» Dataset content:
⟨
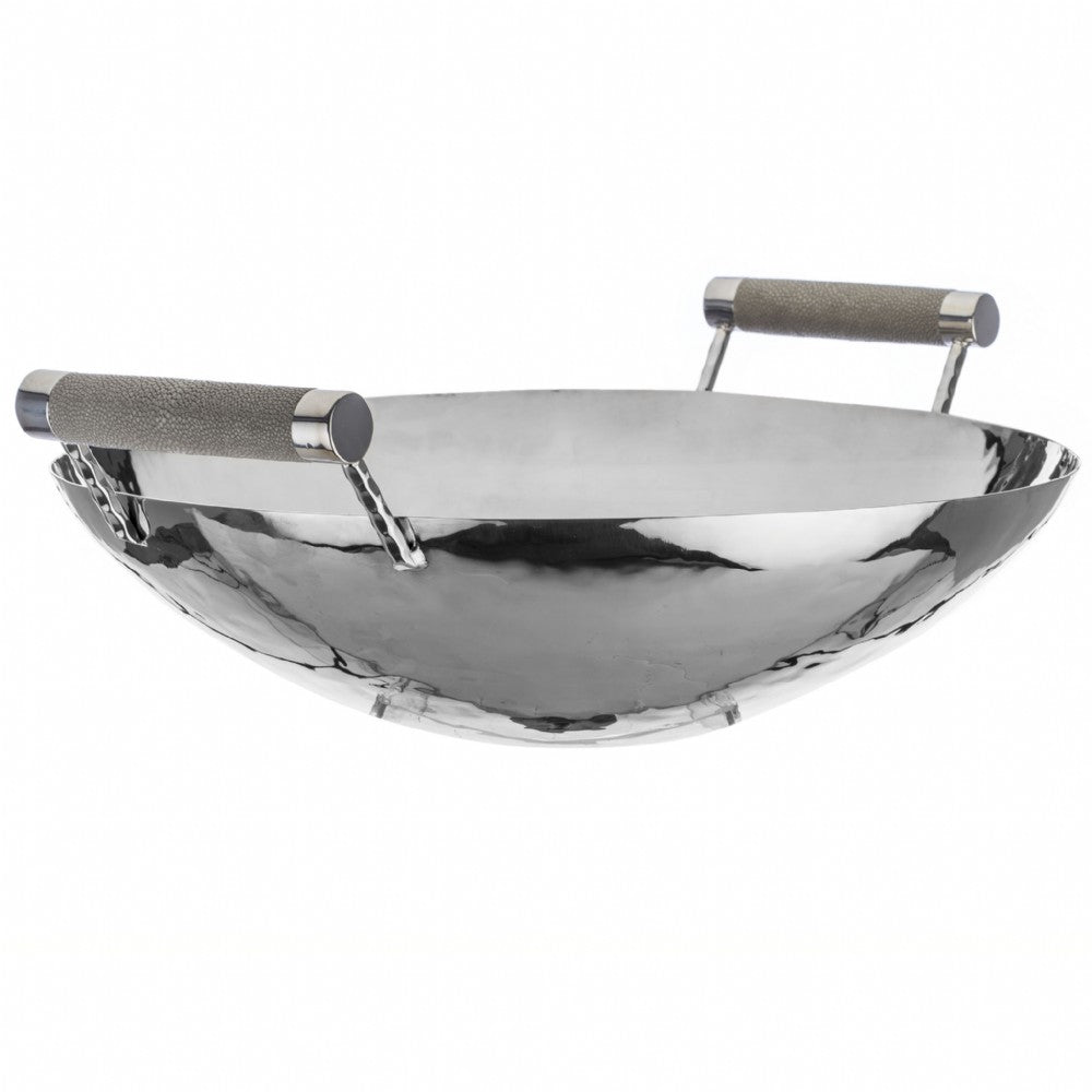 Hand made, hammered stainless steel round bowl. Custom genuine shagreen covered inlay handles. Dimensions: 16 X 16"
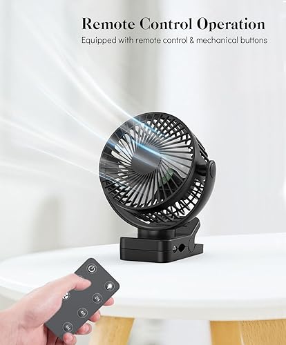 Multper Ventilateur de Camping 10000mAh, Ventilateur Portable Rechargeable 4 Vitesses, Ventilateur USB Silencieux avec Lumière LED, Télécommande et Crochet, Ventilateur de Bureau pour Maison Camping
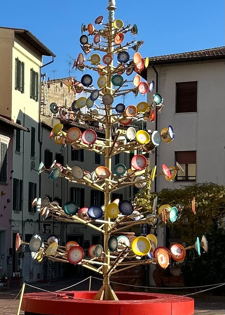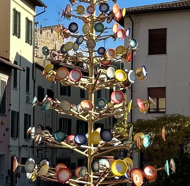 Today I spent the last day of November hunting down Italian ceramics. There are two main locations that supply the majority of Italian Ceramics. Deruta near Umbria due to the Tiber River and Montelupo near Florence located near the Arno River. These rivers provide the natural clay deposits perfect for production of maiolica. As Florence is so near to Lucca, I chose to go to Montelupo. The train left Lucca and a quick hour and a half later I arrived in the heart of Montelupo. Another beautiful medieval town, although not enclosed by walls, Montelupo is a beautiful town filled with steep cobblestone streets. The town Piazza has a Christmas tree made of ceramic plates as soon as you walk up from the train station.
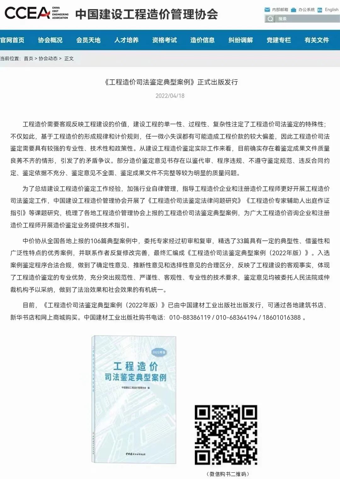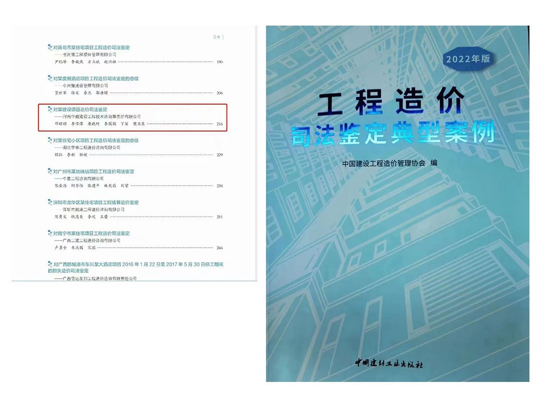 近日,中價協正式出版2022版《工程造價司法鑒定典型案例》,河南華威司法鑒定項目《對某建設項目造價司法鑒定》入選本書典型案例(216頁)
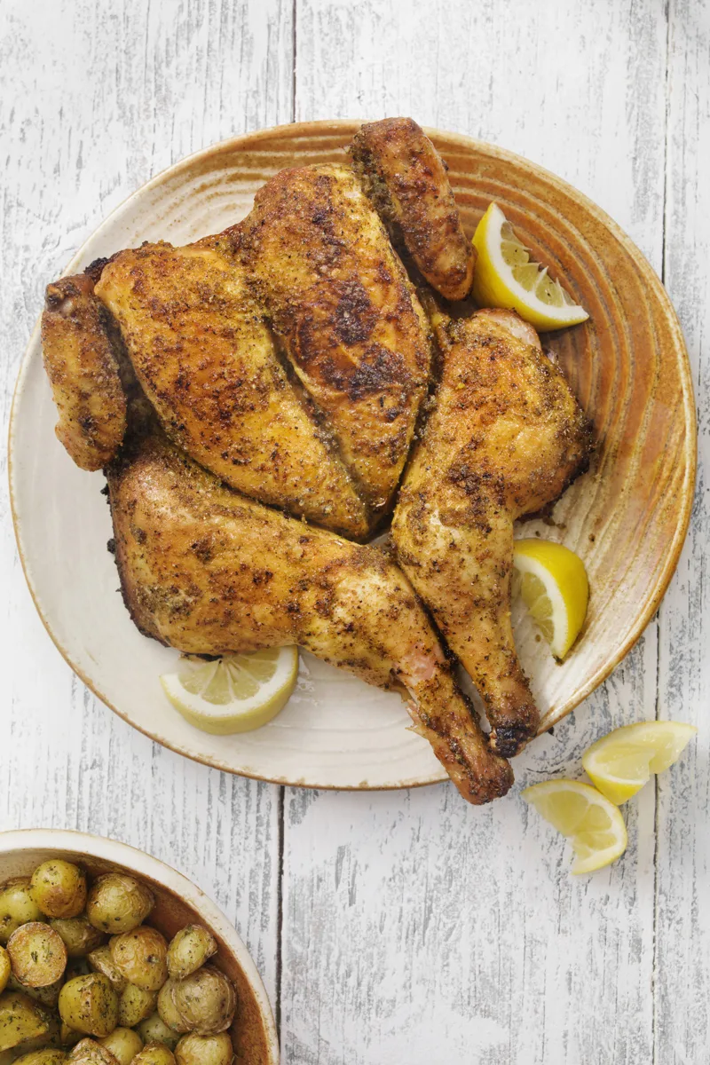 La cuisson en crapaudine permet de cuire le poulet plus rapidement qu'un poulet entier de 2 kg (4 lb), qui nécessite environ 1 ½ heure de cuisson, contre 45 minutes pour le premier. Et comme les pommes de terre cuisent avec le poulet sur la plaque, pas de casserole à laver! La marinade au citron, au sirop d'érable, à la moutarde de Dijon, à la sauce soya, au thym, au romarin et à l'ail parfume à merveille le poulet.
⟩
» Assignment: Transcribe every record above exactly, leaving out the pictures.

» Written solution:
 Hand made, hammered stainless steel round bowl. Custom genuine shagreen covered inlay handles. Dimensions: 16 X 16"
 Multper Ventilateur de Camping 10000mAh, Ventilateur Portable Rechargeable 4 Vitesses, Ventilateur USB Silencieux avec Lumière LED, Télécommande et Crochet, Ventilateur de Bureau pour Maison Camping
 Today I spent the last day of November hunting down Italian ceramics. There are two main locations that supply the majority of Italian Ceramics. Deruta near Umbria due to the Tiber River and Montelupo near Florence located near the Arno River. These rivers provide the natural clay deposits perfect for production of maiolica. As Florence is so near to Lucca, I chose to go to Montelupo. The train left Lucca and a quick hour and a half later I arrived in the heart of Montelupo. Another beautiful medieval town, although not enclosed by walls, Montelupo is a beautiful town filled with steep cobblestone streets. The town Piazza has a Christmas tree made of ceramic plates as soon as you walk up from the train station.
 近日,中價協正式出版2022版《工程造價司法鑒定典型案例》,河南華威司法鑒定項目《對某建設項目造價司法鑒定》入選本書典型案例(216頁)
 La cuisson en crapaudine permet de cuire le poulet plus rapidement qu'un poulet entier de 2 kg (4 lb), qui nécessite environ 1 ½ heure de cuisson, contre 45 minutes pour le premier. Et comme les pommes de terre cuisent avec le poulet sur la plaque, pas de casserole à laver! La marinade au citron, au sirop d'érable, à la moutarde de Dijon, à la sauce soya, au thym, au romarin et à l'ail parfume à merveille le poulet.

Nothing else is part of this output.